START Material provided

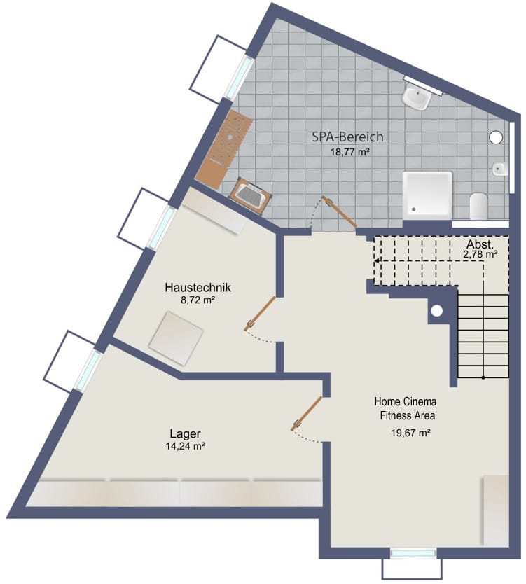 Die Bäder sind hochwertig vorbereitet und lassen Raum für individuelle Akzente. Ob Armaturen, Sanitärobjekte oder Materialien – hier kann der neue Eigentümer seinen persönlichen Stil verwirklichen. Rainshower-Duschen, Badewanne, Bidet sowie ein vorbereiteter SPA-Bereich bilden die Basis für ein privates Wellnessambiente auf hohem Niveau.
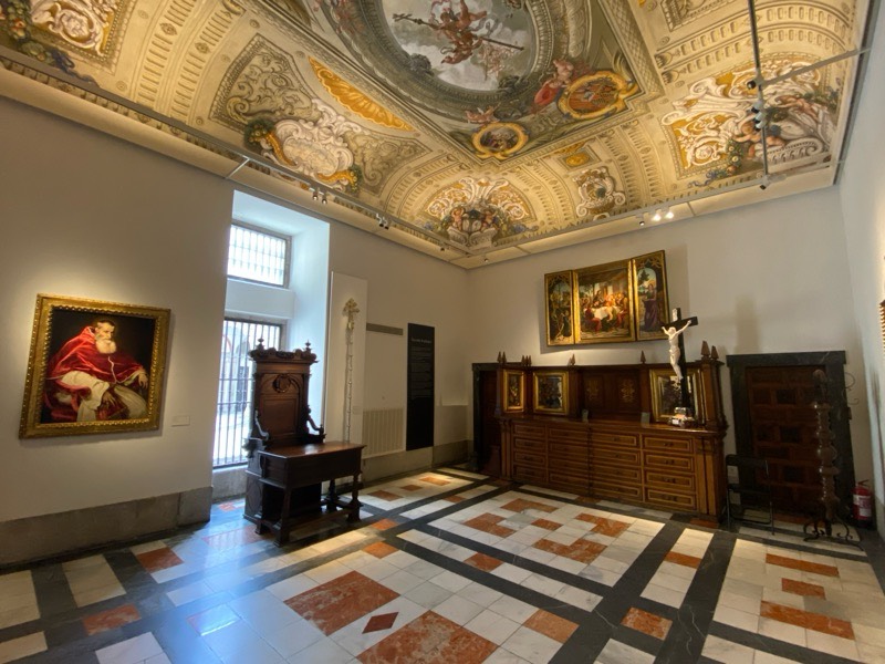 The ceiling is covered by murals painted by Jose Donoso and Claudio Coello in 17th. c
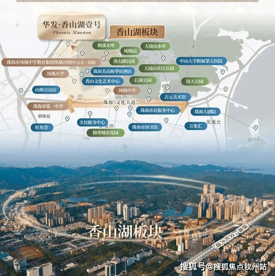 基本信息:项目位于珠海市香洲区健民路北侧、旅游路东侧,香山湖公园对面。总占地约 7.93 万㎡,总建面约 21.57 万㎡,容积率 2.72,绿化率 35%,总户数约 960 户(S1 地块)。由 9 栋高层组成,围合式布局,打造 “一轴一环九园” 景观。梯户比为两梯两户或两梯三户。
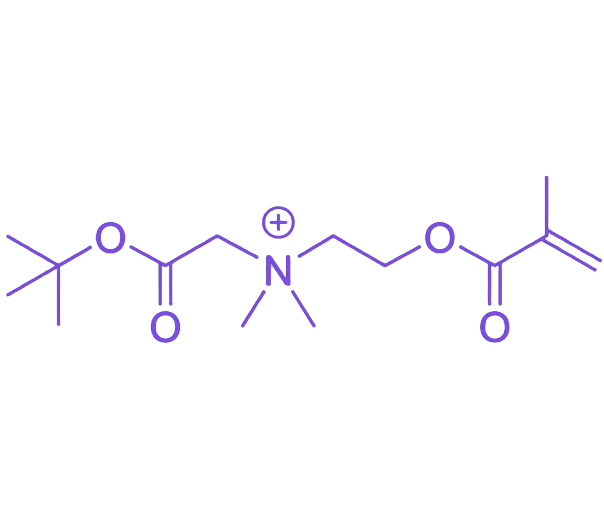 TBDMAEMA,化学名称为2-(叔丁氧基)-N-(2-甲基丙烯酰氧基乙基)-N,N-二甲基-2-氧代乙铵,是一种具备合成化学智慧与功能设计前瞻性的“受保护”功能性单体。其分子结构融合三个关键部分:可自由基聚合的甲基丙烯酸酯基团、叔胺季铵化的阳离子中心,以及连接在铵根上的叔丁氧羰基保护基,作为实现“功能按需、原位激活”的核心分子工具,为先进高分子材料在生物医学、传感和纳米技术等前沿领域的创新应用提供关键化学支撑。
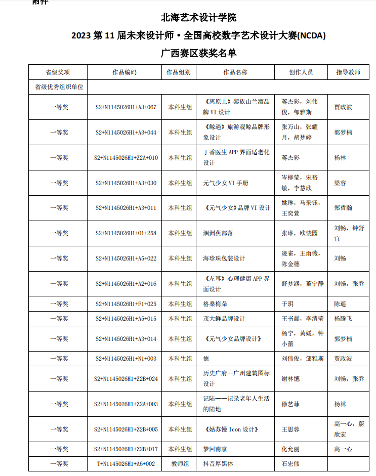 我院师生在2023第11届未来设计师·全国高校数字艺术设计大赛(NCDA)广西赛区取得优异成绩!共荣获广西区赛一等奖17项、二等奖20项、三等奖28项,学校荣获“省级优秀组织单位”奖。

END Material provided

= Goal of the exercise =
Output the whole of the data, unchanged; keep the pictures out.

= Answer =
 Die Bäder sind hochwertig vorbereitet und lassen Raum für individuelle Akzente. Ob Armaturen, Sanitärobjekte oder Materialien – hier kann der neue Eigentümer seinen persönlichen Stil verwirklichen. Rainshower-Duschen, Badewanne, Bidet sowie ein vorbereiteter SPA-Bereich bilden die Basis für ein privates Wellnessambiente auf hohem Niveau.
 The ceiling is covered by murals painted by Jose Donoso and Claudio Coello in 17th. c
 基本信息:项目位于珠海市香洲区健民路北侧、旅游路东侧,香山湖公园对面。总占地约 7.93 万㎡,总建面约 21.57 万㎡,容积率 2.72,绿化率 35%,总户数约 960 户(S1 地块)。由 9 栋高层组成,围合式布局,打造 “一轴一环九园” 景观。梯户比为两梯两户或两梯三户。
 TBDMAEMA,化学名称为2-(叔丁氧基)-N-(2-甲基丙烯酰氧基乙基)-N,N-二甲基-2-氧代乙铵,是一种具备合成化学智慧与功能设计前瞻性的“受保护”功能性单体。其分子结构融合三个关键部分:可自由基聚合的甲基丙烯酸酯基团、叔胺季铵化的阳离子中心,以及连接在铵根上的叔丁氧羰基保护基,作为实现“功能按需、原位激活”的核心分子工具,为先进高分子材料在生物医学、传感和纳米技术等前沿领域的创新应用提供关键化学支撑。
 我院师生在2023第11届未来设计师·全国高校数字艺术设计大赛(NCDA)广西赛区取得优异成绩!共荣获广西区赛一等奖17项、二等奖20项、三等奖28项,学校荣获“省级优秀组织单位”奖。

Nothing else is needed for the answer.